*** Data extract Section Begins ***
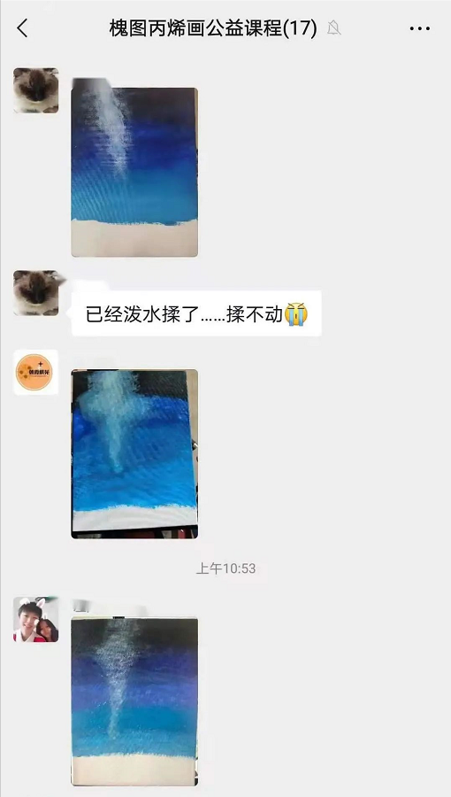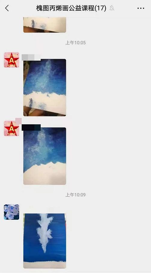 尽管教学形式从线下转移到了线上,但学员的学习热情不减,大家积极地与老师互动,将自己的绘画作品上传微信群与老师交流。
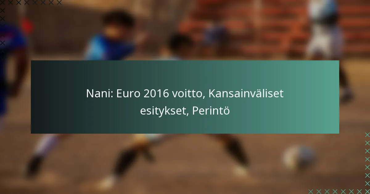 Nani oli keskeinen hahmo Portugalin voitokkaassa Euro 2016 -kampanjassa, tuoden tärkeitä maaleja ja syöttöjä, jotka korostivat hänen arvoaan maajoukkueelle. Hänen vaikuttava kansainvälinen uransa on määritelty merkittävillä saavutuksilla ja virstanpylväillä, jotka vahvistavat hänen perintöään vaikutusvaltaisena pelaajana jalkapallohistoriassa.
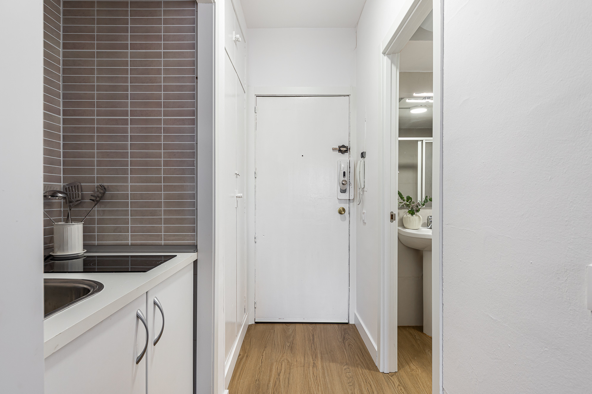 There is a practical kitchenette equipped with the essentials for preparing simple meals during your stay. The bathroom is functional and well maintained, offering everything you need for a comfortable visit.
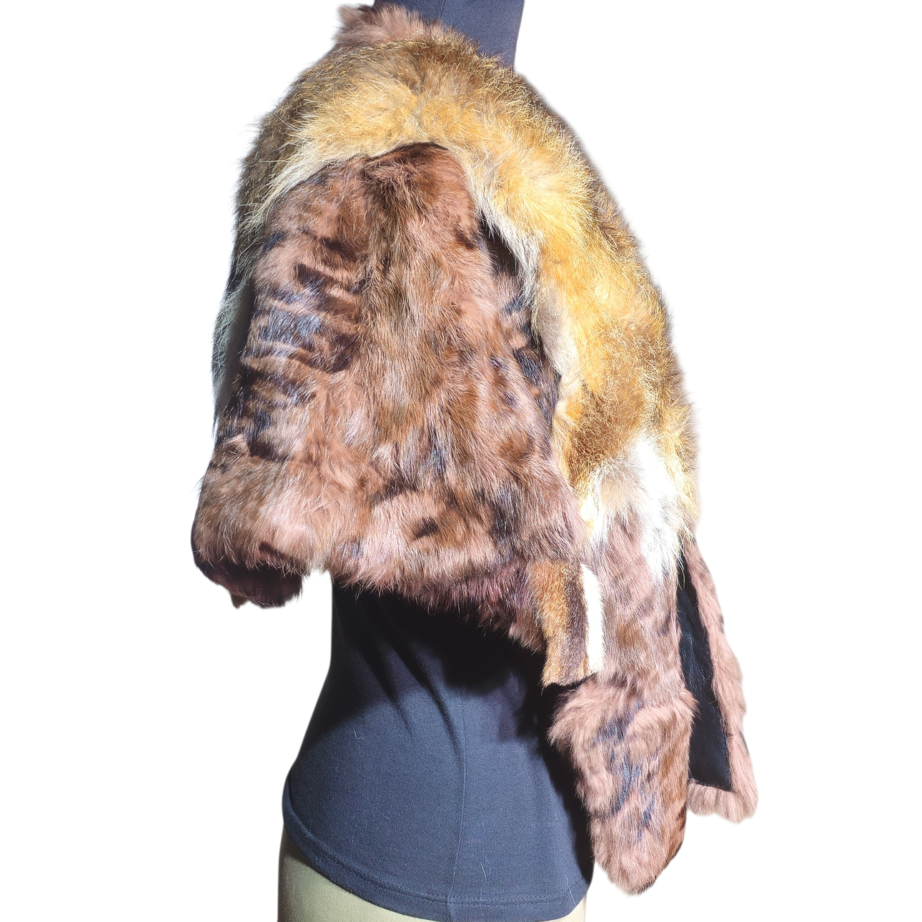 Fox and brown leather cape.
*** Data extract Section Ends ***
## [Problem description]
Reproduce the material in full, word for word, and omit the pictures.

## [Exercise answer]
 尽管教学形式从线下转移到了线上,但学员的学习热情不减,大家积极地与老师互动,将自己的绘画作品上传微信群与老师交流。
 Nani oli keskeinen hahmo Portugalin voitokkaassa Euro 2016 -kampanjassa, tuoden tärkeitä maaleja ja syöttöjä, jotka korostivat hänen arvoaan maajoukkueelle. Hänen vaikuttava kansainvälinen uransa on määritelty merkittävillä saavutuksilla ja virstanpylväillä, jotka vahvistavat hänen perintöään vaikutusvaltaisena pelaajana jalkapallohistoriassa.
 There is a practical kitchenette equipped with the essentials for preparing simple meals during your stay. The bathroom is functional and well maintained, offering everything you need for a comfortable visit.
 Fox and brown leather cape.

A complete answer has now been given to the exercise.